Prompt: The answer must be an exact copy of the lines from the one containing "pie 버전에서는 App" through the last line of the records, with no pictures.

● ● ●

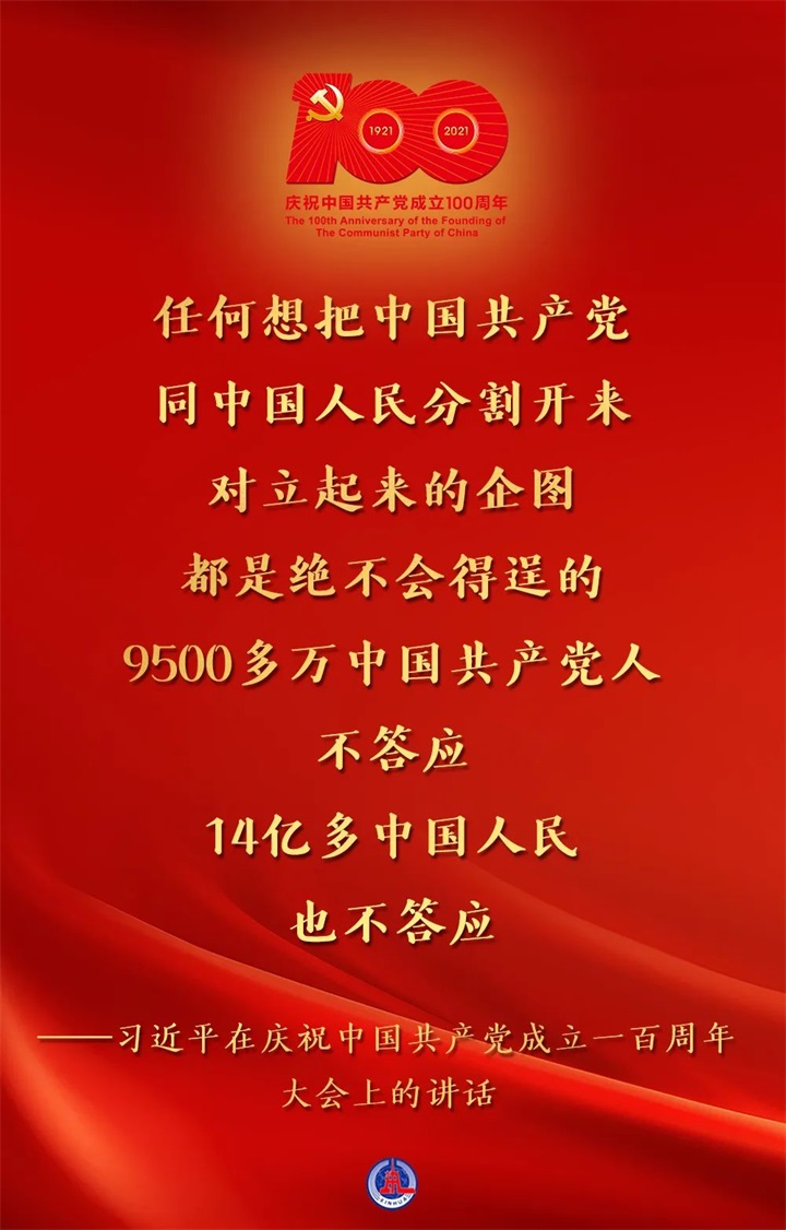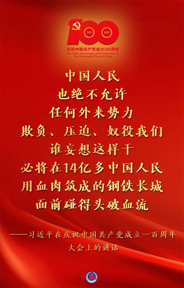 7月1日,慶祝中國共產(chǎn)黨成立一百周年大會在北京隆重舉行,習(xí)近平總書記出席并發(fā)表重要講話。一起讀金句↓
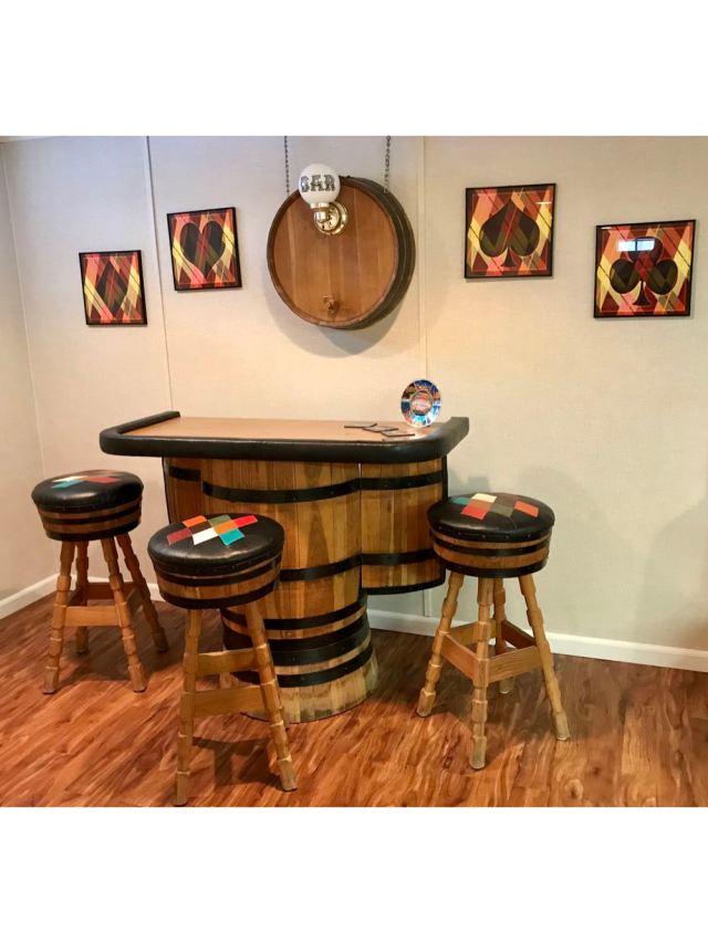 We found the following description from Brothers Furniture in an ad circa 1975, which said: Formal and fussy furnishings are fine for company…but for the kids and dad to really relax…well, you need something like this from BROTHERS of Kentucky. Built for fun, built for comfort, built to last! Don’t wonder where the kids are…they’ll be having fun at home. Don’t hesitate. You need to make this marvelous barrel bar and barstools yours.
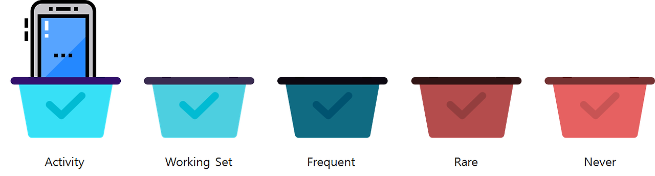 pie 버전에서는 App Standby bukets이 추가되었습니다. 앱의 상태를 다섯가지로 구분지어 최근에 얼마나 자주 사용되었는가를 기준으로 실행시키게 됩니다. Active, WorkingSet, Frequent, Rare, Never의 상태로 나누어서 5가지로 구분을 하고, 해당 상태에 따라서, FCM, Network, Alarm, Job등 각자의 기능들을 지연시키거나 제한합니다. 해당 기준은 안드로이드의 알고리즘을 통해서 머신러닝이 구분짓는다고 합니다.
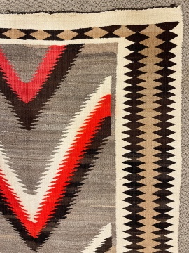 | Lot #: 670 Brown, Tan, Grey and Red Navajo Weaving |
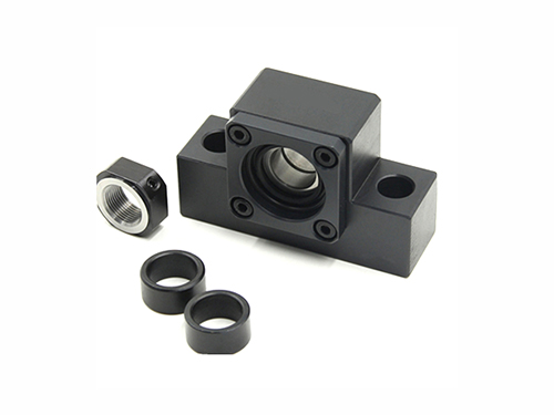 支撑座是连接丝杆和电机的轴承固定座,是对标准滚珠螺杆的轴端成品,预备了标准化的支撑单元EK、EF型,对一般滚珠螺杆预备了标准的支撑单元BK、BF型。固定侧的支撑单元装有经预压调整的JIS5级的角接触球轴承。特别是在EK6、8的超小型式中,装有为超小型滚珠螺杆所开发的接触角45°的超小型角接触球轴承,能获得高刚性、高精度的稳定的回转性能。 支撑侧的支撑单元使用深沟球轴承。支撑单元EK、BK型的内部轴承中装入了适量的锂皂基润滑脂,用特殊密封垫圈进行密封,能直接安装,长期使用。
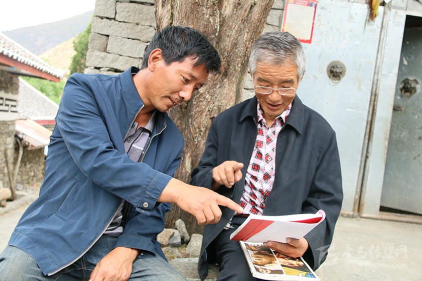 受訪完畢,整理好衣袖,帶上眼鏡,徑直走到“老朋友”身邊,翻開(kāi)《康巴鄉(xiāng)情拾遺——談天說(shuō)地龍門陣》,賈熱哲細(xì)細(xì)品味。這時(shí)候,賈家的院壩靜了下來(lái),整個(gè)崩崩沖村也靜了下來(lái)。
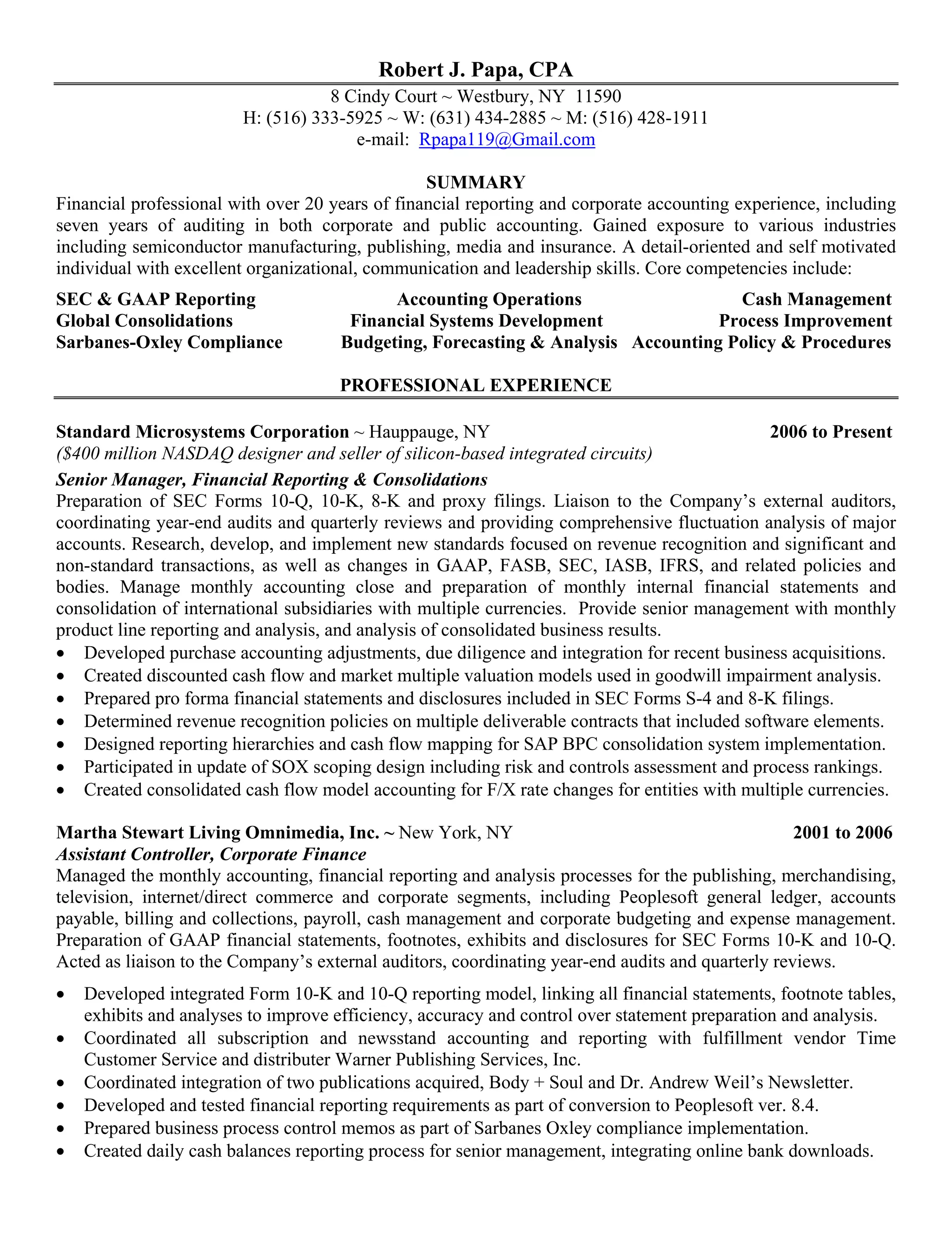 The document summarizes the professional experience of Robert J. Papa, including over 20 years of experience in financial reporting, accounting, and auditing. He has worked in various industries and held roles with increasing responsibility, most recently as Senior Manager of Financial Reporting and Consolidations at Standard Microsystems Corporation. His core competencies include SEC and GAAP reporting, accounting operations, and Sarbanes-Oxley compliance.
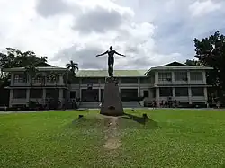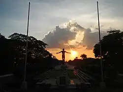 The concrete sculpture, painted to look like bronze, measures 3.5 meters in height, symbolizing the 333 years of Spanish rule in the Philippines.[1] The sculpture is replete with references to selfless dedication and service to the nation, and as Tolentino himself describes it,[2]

● ● ●

Response to this task:
 pie 버전에서는 App Standby bukets이 추가되었습니다. 앱의 상태를 다섯가지로 구분지어 최근에 얼마나 자주 사용되었는가를 기준으로 실행시키게 됩니다. Active, WorkingSet, Frequent, Rare, Never의 상태로 나누어서 5가지로 구분을 하고, 해당 상태에 따라서, FCM, Network, Alarm, Job등 각자의 기능들을 지연시키거나 제한합니다. 해당 기준은 안드로이드의 알고리즘을 통해서 머신러닝이 구분짓는다고 합니다.
 | Lot #: 670 Brown, Tan, Grey and Red Navajo Weaving |
 支撑座是连接丝杆和电机的轴承固定座,是对标准滚珠螺杆的轴端成品,预备了标准化的支撑单元EK、EF型,对一般滚珠螺杆预备了标准的支撑单元BK、BF型。固定侧的支撑单元装有经预压调整的JIS5级的角接触球轴承。特别是在EK6、8的超小型式中,装有为超小型滚珠螺杆所开发的接触角45°的超小型角接触球轴承,能获得高刚性、高精度的稳定的回转性能。 支撑侧的支撑单元使用深沟球轴承。支撑单元EK、BK型的内部轴承中装入了适量的锂皂基润滑脂,用特殊密封垫圈进行密封,能直接安装,长期使用。
 受訪完畢,整理好衣袖,帶上眼鏡,徑直走到“老朋友”身邊,翻開(kāi)《康巴鄉(xiāng)情拾遺——談天說(shuō)地龍門陣》,賈熱哲細(xì)細(xì)品味。這時(shí)候,賈家的院壩靜了下來(lái),整個(gè)崩崩沖村也靜了下來(lái)。
 The document summarizes the professional experience of Robert J. Papa, including over 20 years of experience in financial reporting, accounting, and auditing. He has worked in various industries and held roles with increasing responsibility, most recently as Senior Manager of Financial Reporting and Consolidations at Standard Microsystems Corporation. His core competencies include SEC and GAAP reporting, accounting operations, and Sarbanes-Oxley compliance.
 The concrete sculpture, painted to look like bronze, measures 3.5 meters in height, symbolizing the 333 years of Spanish rule in the Philippines.[1] The sculpture is replete with references to selfless dedication and service to the nation, and as Tolentino himself describes it,[2]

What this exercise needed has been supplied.